In China hat es viel mehr häusliche Gewalttaten gegen Frauen gegeben seit Beginn der Ausgangssperre. Drei mal so viele Frauen baten um Hilfe, berichtete eine chinesische Frauenberatungsstelle. Seit nun in Deutschland ein Kontaktverbot gilt, Menschen zuhause bleiben müssen, Kneipen, Cafés und andere öffentliche Orte geschlossen haben, befürchten Expert*innen auch hier einen Anstieg von häuslicher und sexueller Gewalt gegen Frauen und Kinder. Der Bundesverband der Frauenberatungsstellen warnt, dass Betroffene nun Täter*innen ohne Ausweichmöglichkeit ausgeliefert sind. Deshalb ermutigt der Verband Betroffene, sich Hilfe zu holen, fordert Zeug*innen auf, Zivilcourage zu zeigen und Betroffenen Hilfe anzubieten, wenn sie Gewalttaten mitbekommen.
Von wegen alle Menschen sind gleich
Das macht deutlich, dass die Coronakrise nicht nur eine gesundheitliche Talfahrt bedeutet. Die Pandemie ist eine soziale Krise, die unter anderem Frauen besonders hart trifft. Gewalt, die statistisch gesehen überwiegend von Männern gegen Frauen ausgeübt wird, zeigt wie dünn der vermeintliche Konsens von „alle Menschen sind gleich“ eigentlich ist. 122 Frauen wurden 2018 von ihren Partnern ermordet, das ist eine Person alle drei Tage. Wie werden die Zahlen Ende 2020 aussehen, wenn Menschen womöglich monatelang zusammen in Wohnungen gesperrt waren? Sollte man da nicht was machen? Und warum eigentlich erst jetzt?
Das Bittere ist, dass vermutlich nicht viel passieren wird. Einen Rettungsschirm für die Wirtschaft hat die Politik im Nu aufgespannt. Wenn aber Frauen und Kinder auf die Fresse kriegen, scheint nicht genug Geld für Frauenhäuser, Beratungsstellen und Jugendamt-Maßnahmen da zu sein. Wie seit Jahren schon. Denn die Coronakrise erschafft das Problem nicht erst. Das Problem überlasteter Hilfeeinrichtungen für Opfer von häuslicher und sexueller Gewalt gibt es schon lange. Es interessiert nur sonst niemanden. Ausgenommen mal kurz nach #metoo.
Was ist eigentlich los in dieser Gesellschaft, wo es so klar zu sein scheint, dass Fabriken weiter offen bleiben, aber soziale Treffpunkte für Menschen schließen müssen? Wieso ist Geld da, um Firmen und Fabriken zu retten, aber nicht um Gewaltbetroffene zu schützen und unterstützen?

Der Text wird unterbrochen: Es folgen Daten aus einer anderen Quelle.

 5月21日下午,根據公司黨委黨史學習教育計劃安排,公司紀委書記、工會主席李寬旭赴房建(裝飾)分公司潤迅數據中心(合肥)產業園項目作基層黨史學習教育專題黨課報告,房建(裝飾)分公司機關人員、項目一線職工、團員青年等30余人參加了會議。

Die Krise der Care-Arbeitenden
Aber nicht nur unmittelbare Gewalt trifft Frauen besonders. Die Coronakrise ist eine Krise der Care-Arbeitenden, ob bezahlt oder unbezahlt. Frauen sind überdurchschnittlich häufig dafür verantwortlich, sich um Kinder und pflegebedürftige Angehörige zu kümmern. Jetzt sind Schulen und Kitas geschlossen. Wahrscheinlich müssen in vielen Familien Frauen daraus entstehende Betreuungslücken auffangen.

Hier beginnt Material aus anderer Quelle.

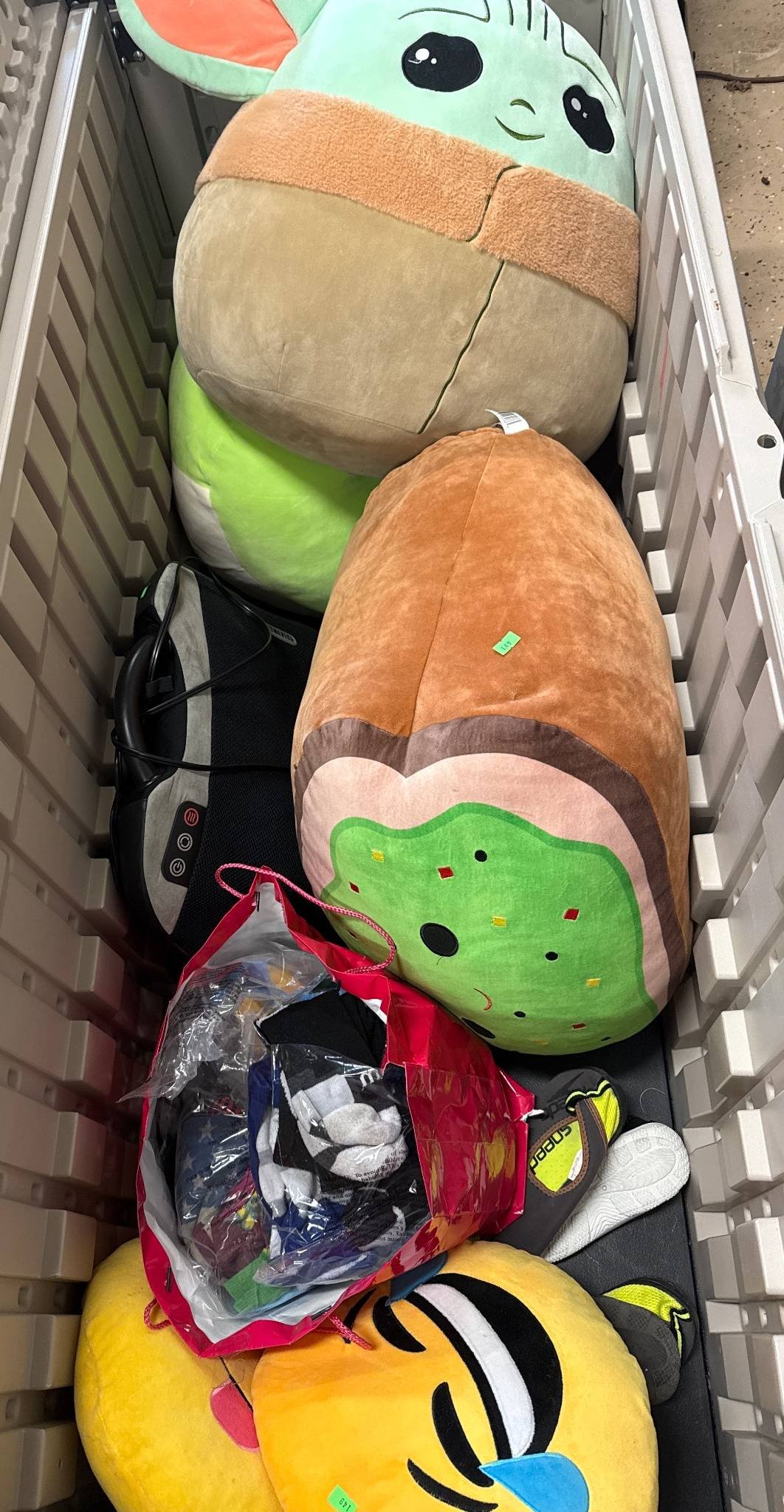 149 Plush Toys, Homedics Massage Cushion, And Bag With Socks, TOYS ONLY, Container NOT INCLUDED

Außerdem werden Pflegeberufe großteils von Frauen ausgeübt. Dass es zu wenige Pflegekräfte gibt und diese schlecht bezahlt werden, wird seit Jahren kritisiert. Betten in deutschen Kliniken können immer wieder nicht belegt werden, weil der Personalschlüssel nicht eingehalten werden kann. Nun hat der Gemeinsame Bundesausschuss, also das Gremium, das Leistungen für gesetzlich Versicherte in Deutschland festlegt, entschieden, dass Abweichungen von der Mindestanzahl an Pflegekräften auf Intensivstationen zulässig ist. Das heißt, es dürfen auch dann noch Intensivbetten belegt werden, wenn eigentlich nicht genug Personal da ist, um die zusätzlichen Patient*innen zu betreuen.
In den nächsten Wochen werden es unterbezahlte und im schlimmsten Fall schlecht geschützte Pflegerinnen sein, die die psychische und körperliche Last der Coronakrise tragen müssen. Zu Recht werden Aufrufe, Pflegende zu beklatschen, kritisiert: Warum klatschen wir jetzt, aber unternehmen nichts gegen die Privatisierung von Kliniken? Warum schaffen es Arbeitskämpfe und Warnungen von Pflegenden nicht so wirklich ins öffentliche Bewusstsein?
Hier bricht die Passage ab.